Stateful Serverless

Posted on Sun 16 January 2022 in Technical

In the part 1 of this post I created a React application, deployed on Netlify which had serverless functions.

Usecase - collect links to share with the community

Like I mentioned above, I want to share topics to learn with the community. With this React application, I want to collect links, which is the first step.

As a next step, I want to tag the articles and group them by date. Once the data model is setup about how to tag and group by date, this needs to be stored in a database. The reason why I could not complete the 19 minute course in 19 minutes is that I got distracted with all the ideas and how I could shape this simple serverless application into a sophiscated bot to generate weekly curated learning lists tagged by topics.

I hope to work further on this serverless application and blog about it. Stay tuned.

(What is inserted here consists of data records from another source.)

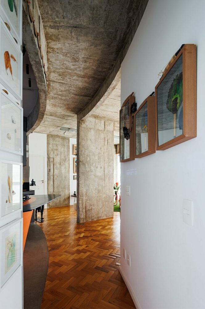 Unveiling the concealed beauty of the concrete structures, which were artfully camouflaged behind an array of materials, Vasconcellos‘ intervention simplifies the interior aesthetic by introducing a uniform flooring solution. The design narrative leans on unconventional materials and forms, injecting a sense of originality into the space while enhancing its fluidity. Emphasizing the significance of natural light and capturing views of the adjacent Municipal Park, the intervention optimizes the visual connectivity with the urban surroundings. The design aligns seamlessly with contemporary lifestyles marrying the old structure with a reimagined living space.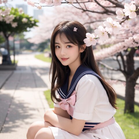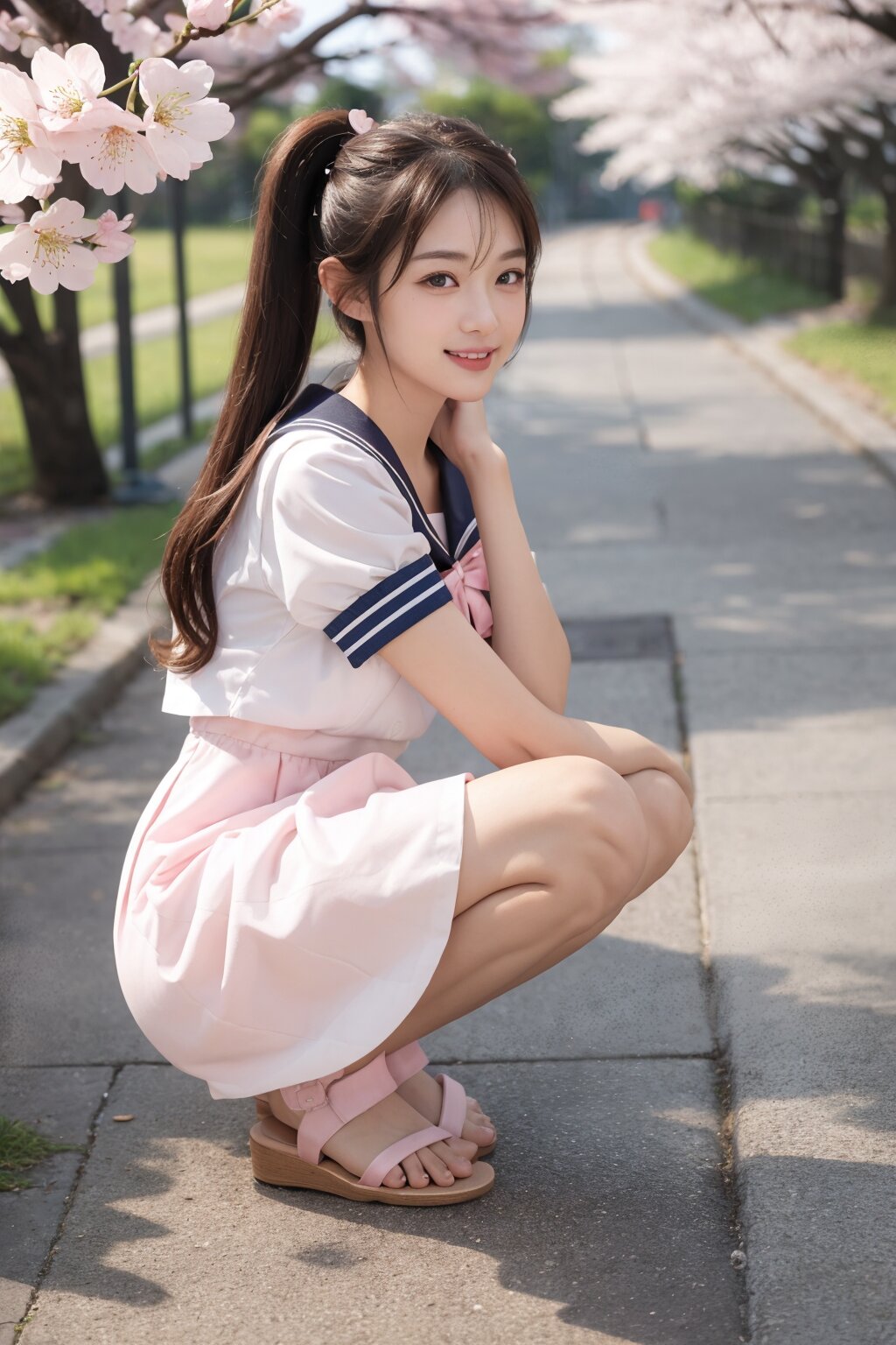 (masterpiece, best quality),(cowboy shot), ((Gentle smile)), looking at viewer, photorealistic, natural skin texture, soft lighting, 85mm lens, shallow depth of field, photo realistic, (masterpiece), (best quality), (superb clarity), ultra detailed, 8k, life-like, cinematic lighting, sharp focus, depth of field,semi backlit, catchlight,reflector effect, BREAK, (Medium Full Shot:1.3),1cute girl ,(((squatting))),shysmile,nose blush,(pony tail),side bangs,fashionable,(A-line outfit),(((white-dress))),(((pastel-pink-sailor uniform))),slimwaist,(stylish open-toe sandals),matching ribbon,lissome figure,dress flattering in the breeze,curious and slightly embarrassed expression,shy smile,nose blush, BREAK,(((Cherry blossom-lined walkway))),(over looking local train),BREAK,(golden ratio beautiful girl),(innocent beauty:0.9),(beautiful girl with a well-balanced childishness and maturity:0.7),(absolute beautiful girl:0.8),almond eye,shapely nose,Ogee curve,best Esthetic line,beautiful face line,small-nosewings,Cupid's Bow Lips,Oval face,beautiful detailed eyes,beautiful detailed hair,shiny skin,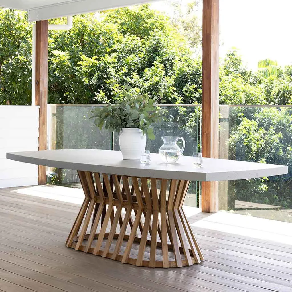 Description: Outdoor table with a concrete top and teak base.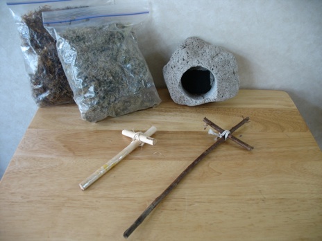 2. CROSSES: Pick up sticks and make crosses. It is probably easiest to fasten on the cross pieces by tying it on with thread or twine. Then poke the crosses into a “hill” in the background. Just be sure to make the vertical sticks quite a bit longer than typical crosses because the bottom 3 inches or so of the stick has to be poked into the dirt to make it stand up..
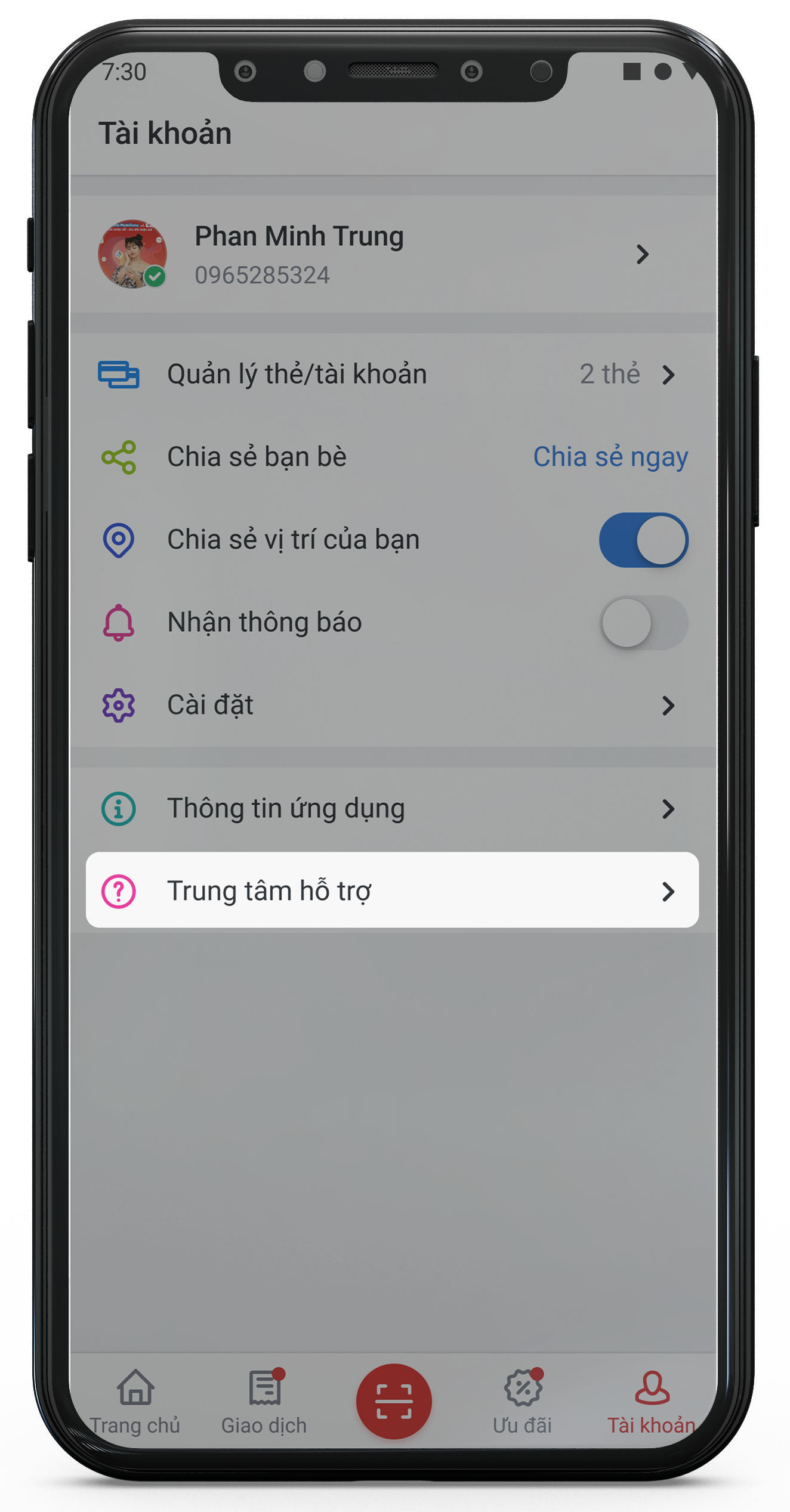 Bước 1: Tại màn hình chính, chọn "Tài khoản" => mục "Trung tâm hỗ trợ"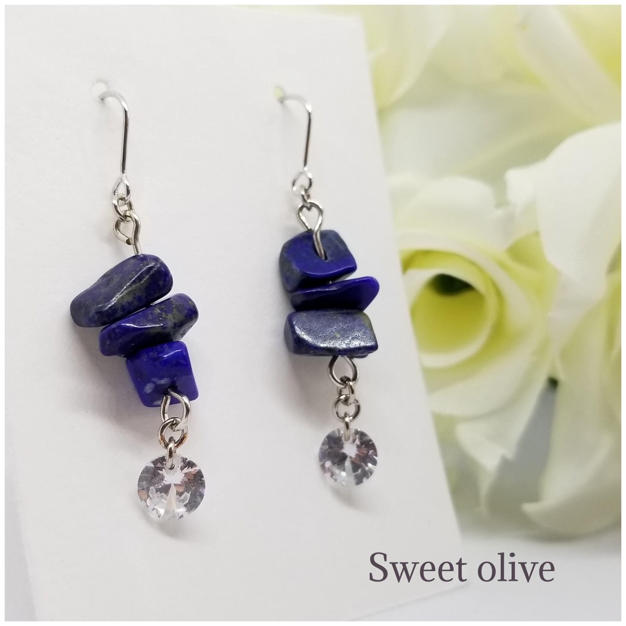 ラピスラズリ&高級ガラスストーンのピアス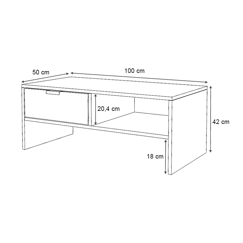 • Διαστάσεις: Μήκος 100 x Βάθος 50 x Ύψος 42 εκ.
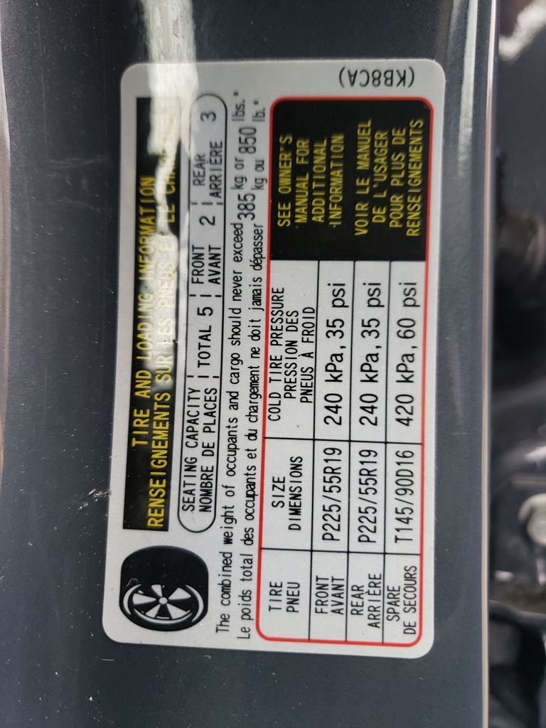 - Front tires: 225/55VR19.0

Overview of databases for serverless functions

This is a good list of database providers which work well with serverless functions. If you look into the list, I have used MongoDB, PostgreSQL, AWS Dynamo DB, MySQL, AWS S3 in the past. Since the egghead.io course application was about deploying using Netlify, I quickly looked into FaunaDB. I also read about Supabase because I remember hearing about it on Twitter.

I also took this time to learn little bit about Hasura because I had heard a lot about Hasura recently. Hasura offers a GraphQL engine and we can write GraphQL APIs on supported databases like PostgreSQL, MySQL, MongoDB, etc.

As I was reading more, I came across KeystoneJS and read little bit on that. KeysteonJS offers CMS capabilities and GraphQL API.

There is definitely lots going on GraphQL and JAMstack side of things. I was amazed and overwhelmed about how easy it is these days to give extra wings to frontend developers by being able to deploy the work with little hassle with serverless powered applications.